Business
Former Edison executive Calderon, now a lawmaker, seeks to cut rooftop solar credits
Nearly 2 million California rooftop solar owners could lose the energy credits that help them cover what they spent to install the expensive climate-friendly systems under a proposed state bill.
The bill’s author, Assemblymember Lisa Calderon (D-Whittier), is a former executive at Southern California Edison and its parent company, Edison International. She says the credits that rooftop owners receive when they send unused electricity to the grid is raising the bills of customers who don’t own the panels.
Her bill, AB 942, would limit the current program’s benefits to 10 years — half the 20 year-period the state had told the rooftop owners they would receive. The bill would also cancel the solar contracts if the home was sold.
Southern California Edison and the state’s two other big for-profit utilities have long tried to reduce the energy credits that incentivized Californians to invest in the solar panels.
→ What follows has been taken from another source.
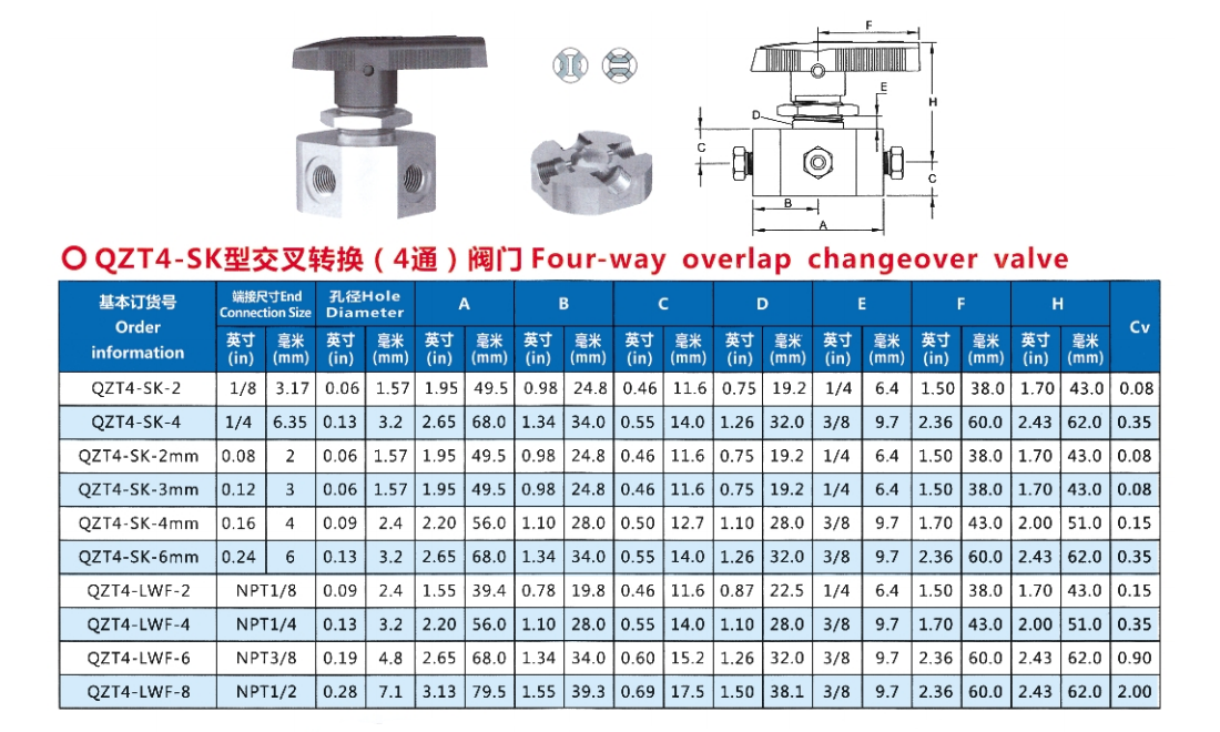 交叉转换(4通)阀门

The rooftop solar systems have cut into the utilities’ sales of electricity.
The legislation, which applies to people who bought the systems before April 15, 2023, has outraged some Californians who invested tens of thousands to install the solar panels.
“We’re just trying to reduce our carbon footprint and you’re penalizing me for that?” said David Rynerson, a Huntington Beach resident who spent $20,000 to install the panels. “That’s just absurd.”
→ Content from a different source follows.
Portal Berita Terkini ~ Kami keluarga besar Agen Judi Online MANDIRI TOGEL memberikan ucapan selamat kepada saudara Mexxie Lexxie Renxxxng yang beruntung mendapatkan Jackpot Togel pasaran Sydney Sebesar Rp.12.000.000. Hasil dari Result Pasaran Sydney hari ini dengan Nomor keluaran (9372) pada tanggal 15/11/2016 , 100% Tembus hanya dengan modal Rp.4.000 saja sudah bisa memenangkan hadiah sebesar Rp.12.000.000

Until she was elected in 2020, Calderon spent 25 years at Southern California Edison and Edison International. Her last position was as a government affairs executive at Edison International, where she managed the utility’s political action committee.
Calderon declined to be interviewed. In a statement, she said that she wasn’t acting on behalf of the utility companies.
“I introduced this bill with one goal in mind: to help lower the cost of energy for Californians,” she said.
Calderon said if her bill was enacted it would reduce electric costs for customers who do not own the panels beginning in 2026.
According to OpenSecrets.org, which tracks political spending, Southern California Edison and the other two big investor-owned utilities are among Calderon’s most generous corporate donors.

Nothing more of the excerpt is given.